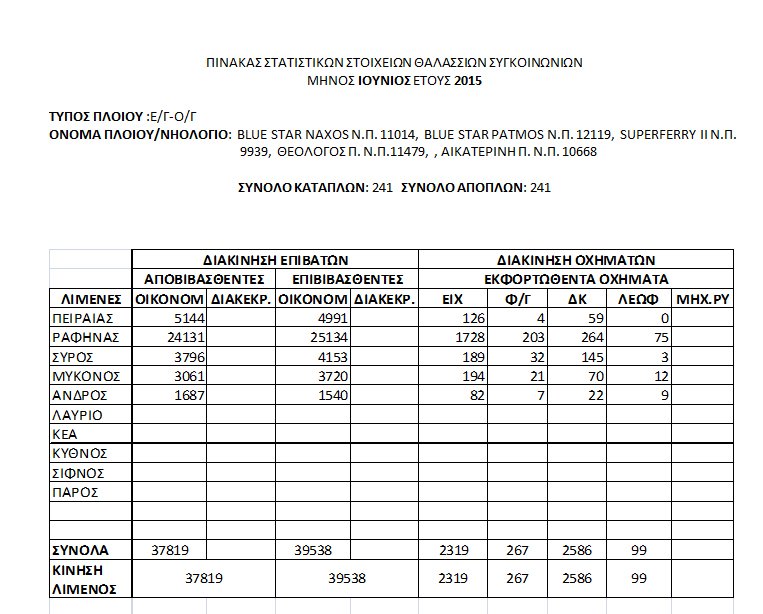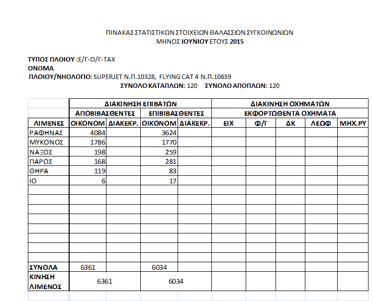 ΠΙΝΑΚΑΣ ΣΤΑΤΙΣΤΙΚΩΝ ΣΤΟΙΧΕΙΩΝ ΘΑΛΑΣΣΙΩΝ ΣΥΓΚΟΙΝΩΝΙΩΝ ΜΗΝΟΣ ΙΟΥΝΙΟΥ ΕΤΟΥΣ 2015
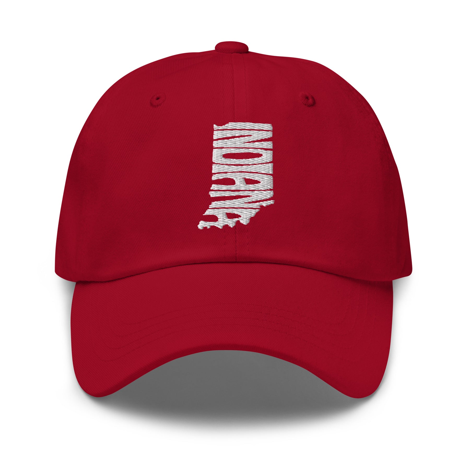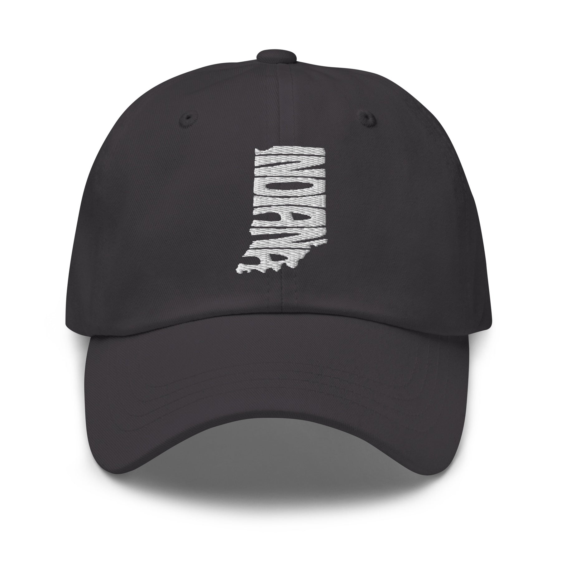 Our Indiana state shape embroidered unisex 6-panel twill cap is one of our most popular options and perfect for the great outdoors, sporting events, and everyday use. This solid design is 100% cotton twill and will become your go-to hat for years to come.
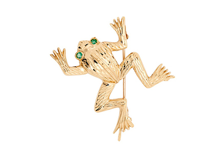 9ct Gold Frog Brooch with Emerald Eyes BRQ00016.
########################################
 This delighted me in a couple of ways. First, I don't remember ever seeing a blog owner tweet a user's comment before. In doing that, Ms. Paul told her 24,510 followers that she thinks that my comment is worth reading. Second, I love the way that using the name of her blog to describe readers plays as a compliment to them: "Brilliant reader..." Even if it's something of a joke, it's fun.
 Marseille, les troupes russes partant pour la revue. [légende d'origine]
########################################
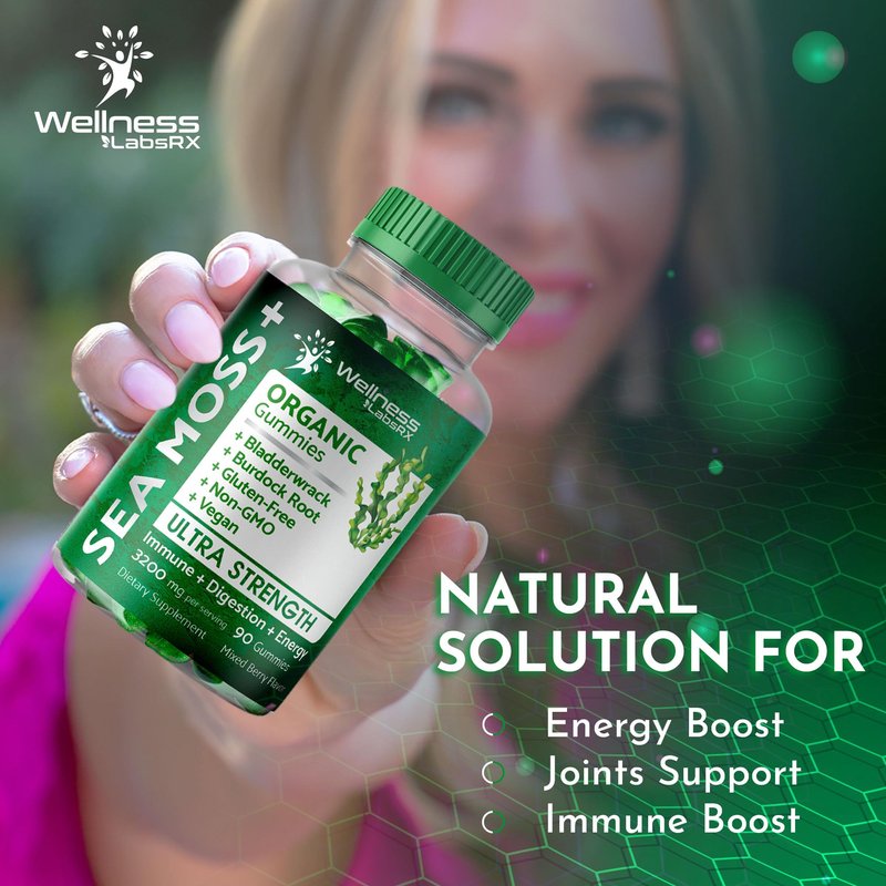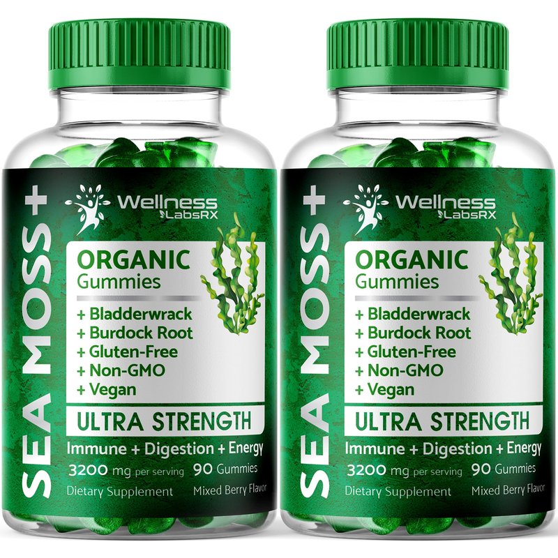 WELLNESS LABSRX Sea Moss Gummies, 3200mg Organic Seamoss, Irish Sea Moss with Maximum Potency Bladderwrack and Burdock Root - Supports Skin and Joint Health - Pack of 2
########################################
▶ _EXERCISE PROMPT_: The answer must be the part of the records that opens with the line containing "ΠΙΝΑΚΑΣ ΣΤΑΤΙΣΤΙΚΩΝ ΣΤΟΙΧΕΙΩΝ" and closes with the line containing "9ct Gold Frog", reproduced exactly, with no pictures.

▶ _TASK RESPONSE_:
 ΠΙΝΑΚΑΣ ΣΤΑΤΙΣΤΙΚΩΝ ΣΤΟΙΧΕΙΩΝ ΘΑΛΑΣΣΙΩΝ ΣΥΓΚΟΙΝΩΝΙΩΝ ΜΗΝΟΣ ΙΟΥΝΙΟΥ ΕΤΟΥΣ 2015
 Our Indiana state shape embroidered unisex 6-panel twill cap is one of our most popular options and perfect for the great outdoors, sporting events, and everyday use. This solid design is 100% cotton twill and will become your go-to hat for years to come.
 9ct Gold Frog Brooch with Emerald Eyes BRQ00016.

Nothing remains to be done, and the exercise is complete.